Among the free peoples who govern themselves there is but a small field of usefulness open for the men of cloistered life who shrink from contact with their fellows. Still less room is there for those who deride or slight what is done by those who actually bear the brunt of the day; nor yet for those others who always profess that they would like to take action, if only the conditions of life were not exactly what they actually are. The man who does nothing cuts the same sordid figure in the pages of history, whether he be cynic, or fop, or voluptuary. There is little use for the being whose tepid soul knows nothing of the great and generous emotion, of the high pride, the stern belief, the lofty enthusiasm, of the men who quell the storm and ride the thunder. —Theodore Roosevelt, the Sorbonne, April 23, 1910

The primary value of a conference is not found in its addresses or panel discussions, but in the not so simple act of getting the right people in a room together. Much of the good work is done over dinner, or in buying someone a drink at the hotel bar. Those are the real opportunities to confer, and the stuff of schedules is an assistant and springboard to these conversations. 

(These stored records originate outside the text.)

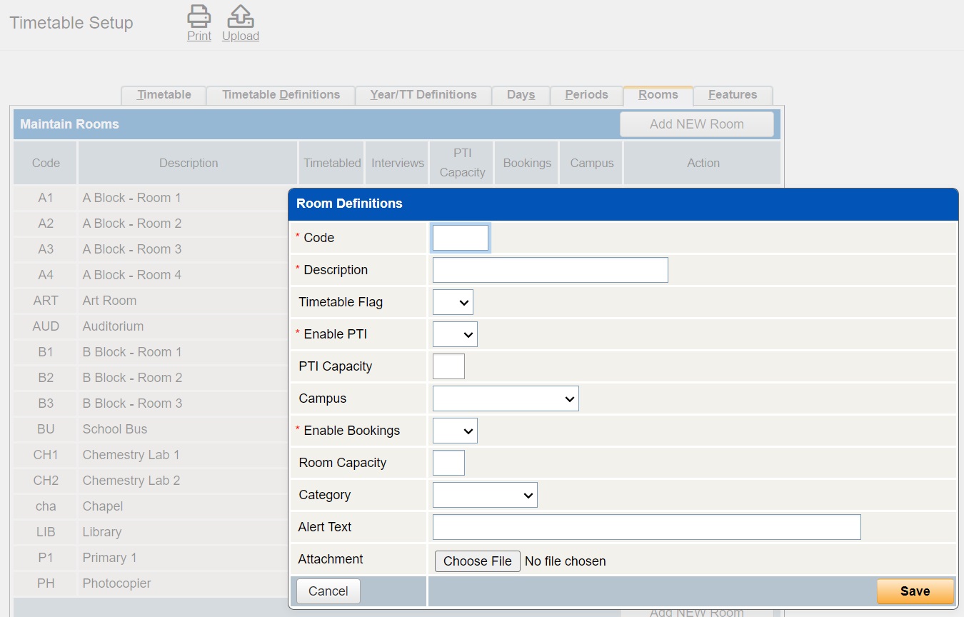 6 | TASS.web Student Admin > Timetable > Setup Information > Timetable Setup on the 'Rooms' tab. Check/Add Room details. ![]() | Rooms > Room data Room data can be downloaded from TASS into TES Timetable. The 'Admin ID' takes precedence during a sync where there is both a Room Code and an AdminID in TES Timetable. Rooms do not sync from TES Timetable and must be set up in TASS. | 🔲 |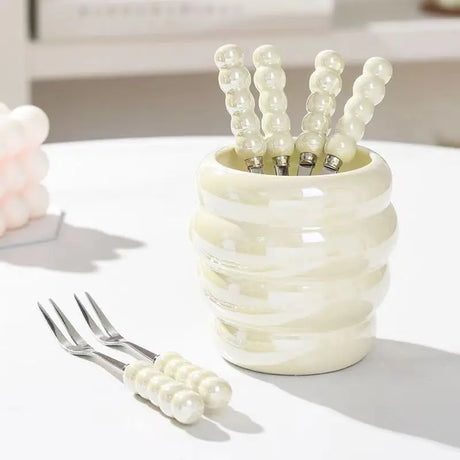 Ceramic Fruit Fork Organizer Desktop Kitchen Storage Stainless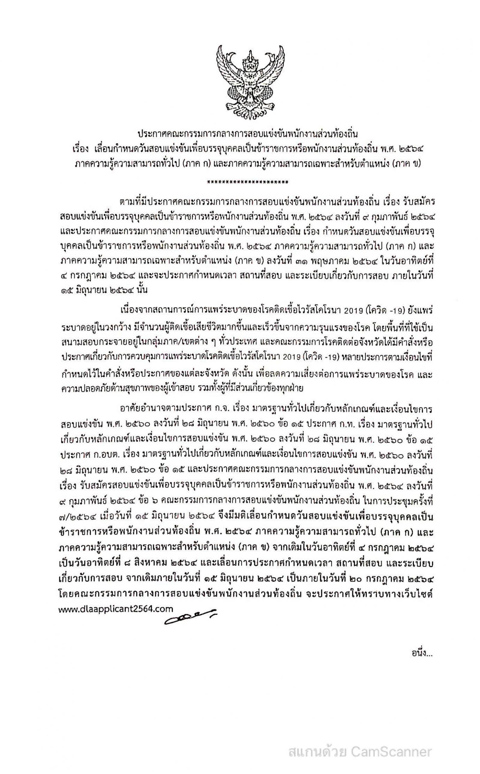 ประกาศคณะกรรมการกลางการสอบแข่งขันพนักงานส่วนท้องถิ่น เรื่อง เลื่อนกำหนดวันสอบแข่งขันเพื่อบรรจุบุคคลเป็นข้าราชการหรือพนักงานส่วนท้องถิ่น พ.ศ. 2564 ภาคความรู้ความสามารถทั่วไป (ภาค ก) และภาคความรู้ความสามารถเฉพาะสำหรับตำแหน่ง (ภาค ข)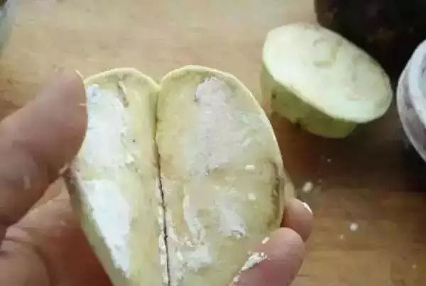 3. 茄子去皮切成連刀片,要切的薄一點(diǎn),便于成熟,抹少許面粉。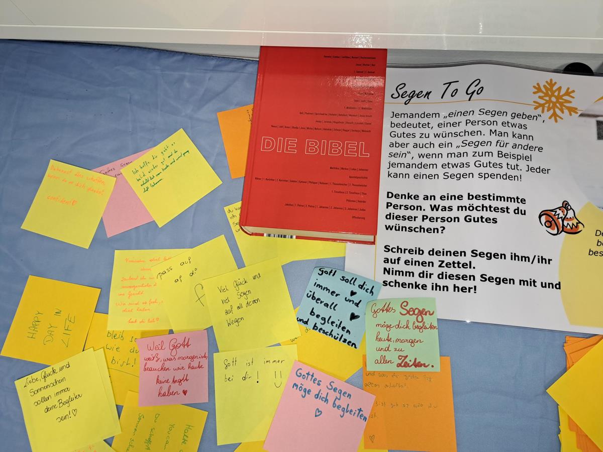 An mehreren Stationen konnten sich Schülerinnen und Schüler unserer Schule im Medienraum auf den Advent und Weihnachten einstimmen und ihre Gedanken formulieren, die sie als „Segen to go“ sammelten. Vorbereitet wurde die Aktion von unserer 1BFW im Rahmen eines Workshops mit Matthias Wolf und Lukas Werlberger.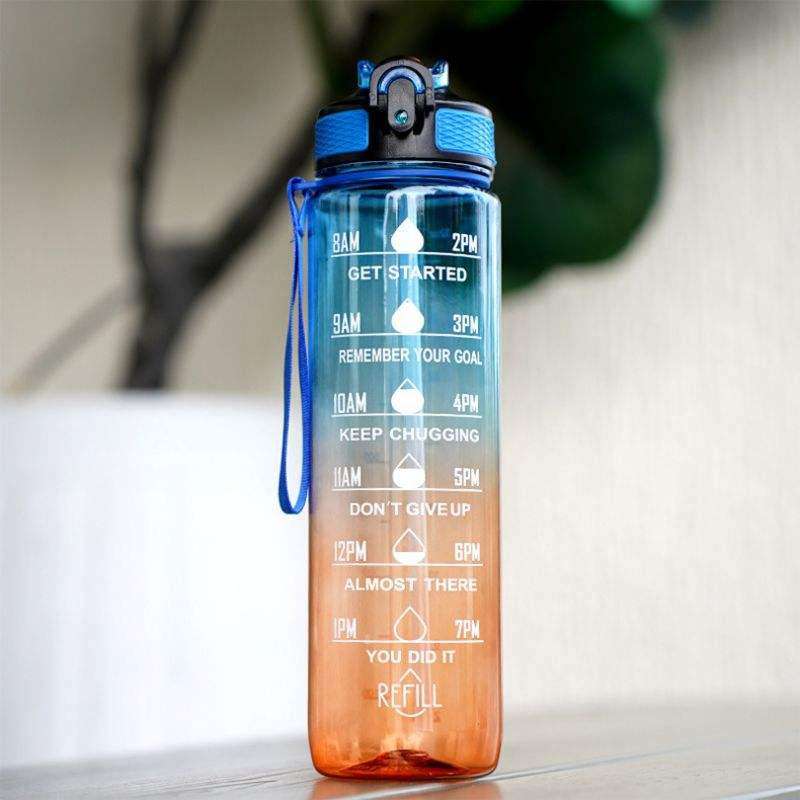 1000ml Gradient Plastic Water Bottle with Straw and Carry Rope for Camping and Boiling Water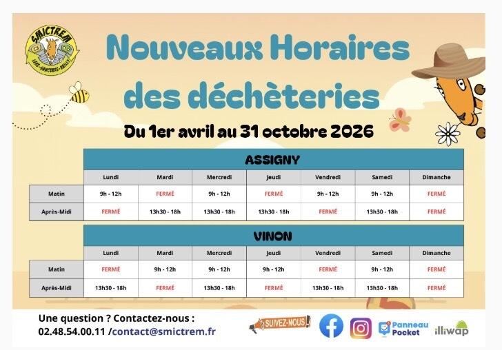 Déchèterie de Vinon : horaires d'Eté 7/4/26 Depuis le 1er avril , passage aux horaires d'Eté de la déchèterie! Source : Mairie de Verdigny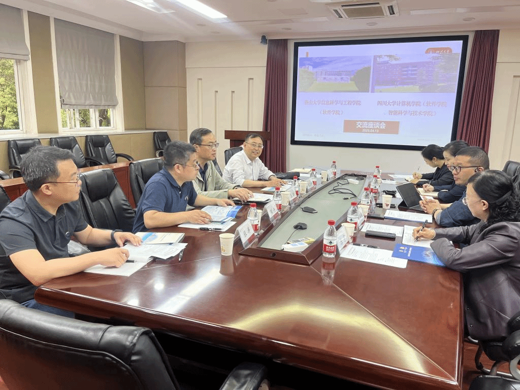 随后,王昕书记一行来到了四川大学计算机学院(软件学院、智能科学与技术学院)走访调研,副院长严斌宇,院专职组织员、行政党支部书记郝清华,学院工会主席陈媛媛,研究生科科长陈宇,党政办副主任张飞絮参加了座谈会。会议由副院长严斌宇主持,严斌宇从学科建设、专业建设和师资队伍建设三个方面做了详细介绍。双方就国际合作联合培养、双学位教学管理、本科生招生、工程教育认证、教学与科研平衡发展等方面的问题进行了交流。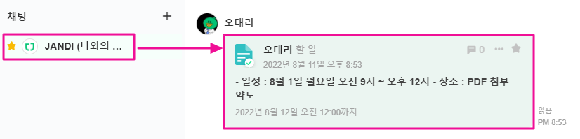 지정한 할 일은 JANDI 채팅에서 확인할 수 있습니다.
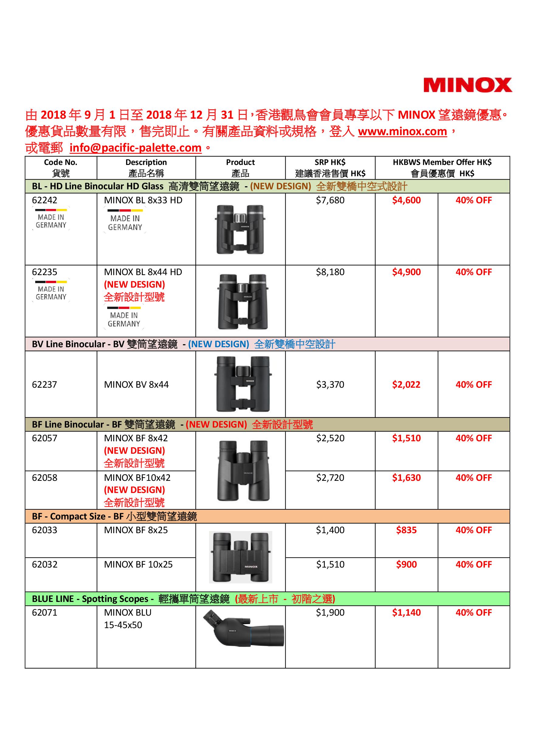 Author: HKBWS Bonnie Time: 31/08/2018 10:26 Subject: 美樂時望遠鏡優惠 Special Offer of MINOX Binoculars 2018/09-2018/12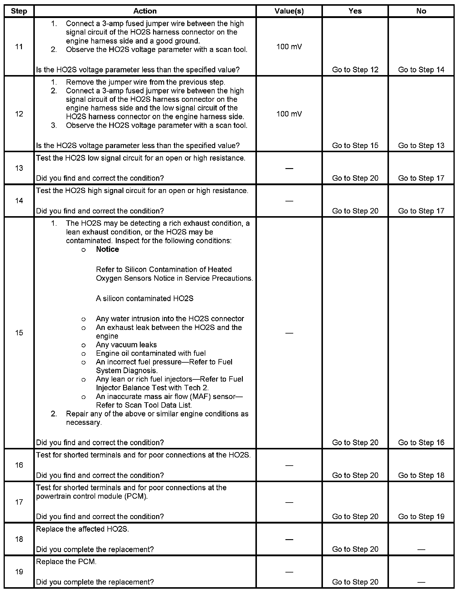 - The PCM detects that the HO2S bank 1 sensor 2 or HO2S bank 2 sensor 2 is less than 710 mV for 60 seconds.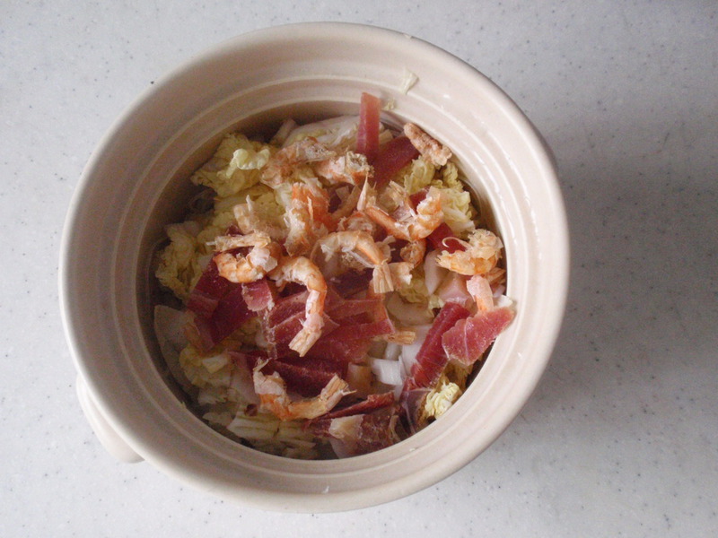 及以下步骤:上灶用中火烧开。 然后用小火炖会,关掉火。继续焖。 娃娃菜切碎,方便入味。 粉丝泡软 火腿切粗丝,开洋掰小段,方便味道出来 先放粉丝,再放娃娃菜 放上开洋和火腿 加点熬好的老汤。并加点水 上灶用中火烧开。 然后用小火炖会,关掉火。继续焖。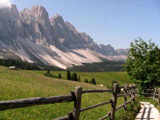宿には多くのドイツ人が宿泊していた。特に食堂で隣のテーブルに座っているドイツ人の中年夫婦は英語も話し、人なつこく何度か会話をした(ライプツィッヒ近郊に住んでいるとのこと)。この時期、夏ダイヤになる直前でまだ交通の便も悪いが、水曜と土日はオルティセイ(ガイスラーの南側の町)への直行バスが朝と夕方出る。ドイツ人たちは今日このバスでオルティセイに行き、そこからあの岩峰を越えて歩いて戻って来たとのこと。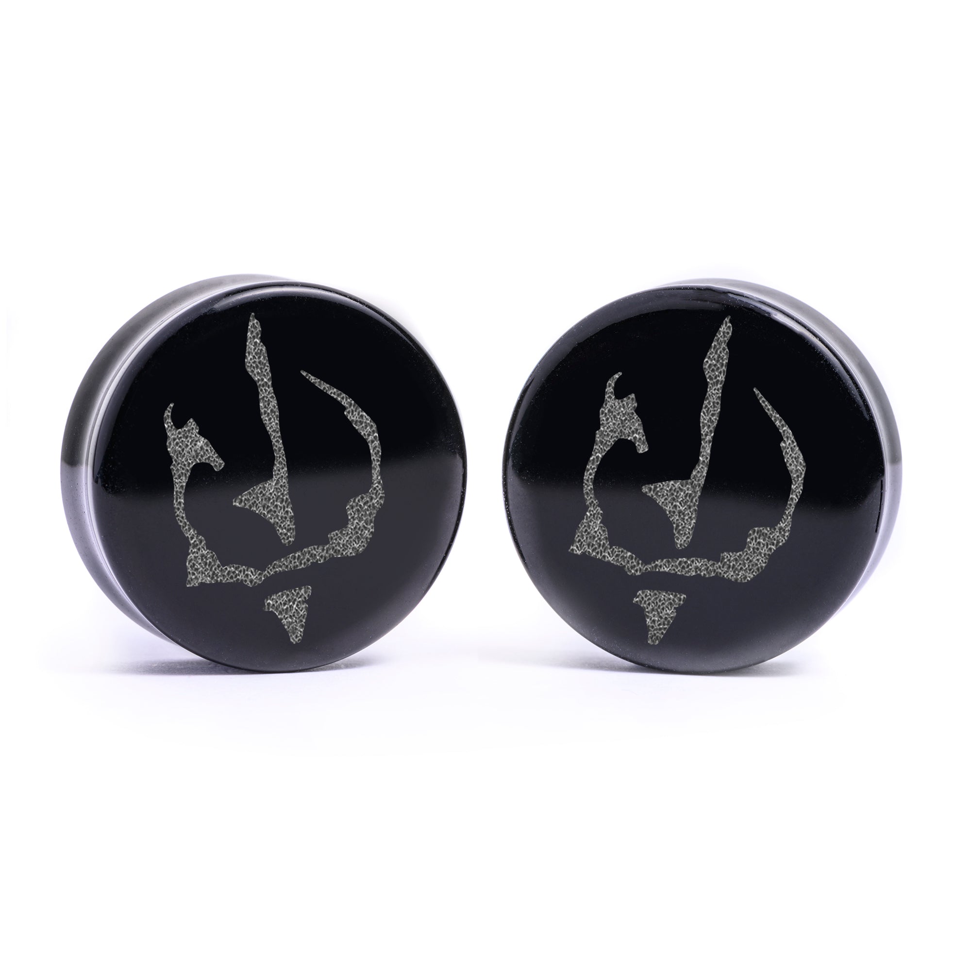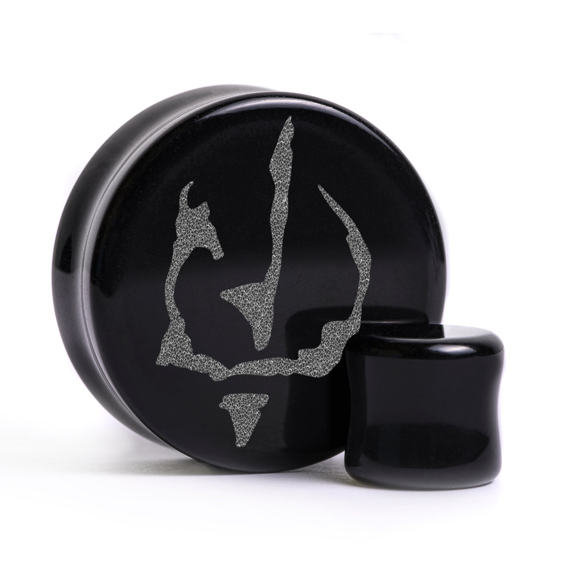 Flat Faced Doubleflared Black Glass Plugs featuring our laser engraved “LOTR Mark Of Sauron" design.

The second National Conservatism Conference, held in Orlando this time—Florida being a free state in the Covid empire, while the District of Columbia is neither free nor, thankfully still, a state—was a highly successful conference. Yoram Hazony and his Edmund Burke Foundation brought a big tent of people together, and let them talk. In doing so, he reminded everyone that they do not labor alone, wherever they labor; that in the work to restore sanity to an increasingly deranged Western public life, to protect this country’s sovereignty and history from its own establishment, they have allies and co-belligerents. 

I say co-belligerents because it is not clear yet what it would mean for everyone present to actually be a national conservative. They all appeared to wish to conserve the possibility of an American nation, and agreed that this at least meant rejecting a woke political theology that appears intent on dividing citizens from citizens, reducing us to demographic and sociological categories, felt cartoon characters on a Sunday school flannelgraph made up of historical sins that cannot be expiated or forgiven. But the camp is being built; it is not yet built. It has leaders, but not yet a leader.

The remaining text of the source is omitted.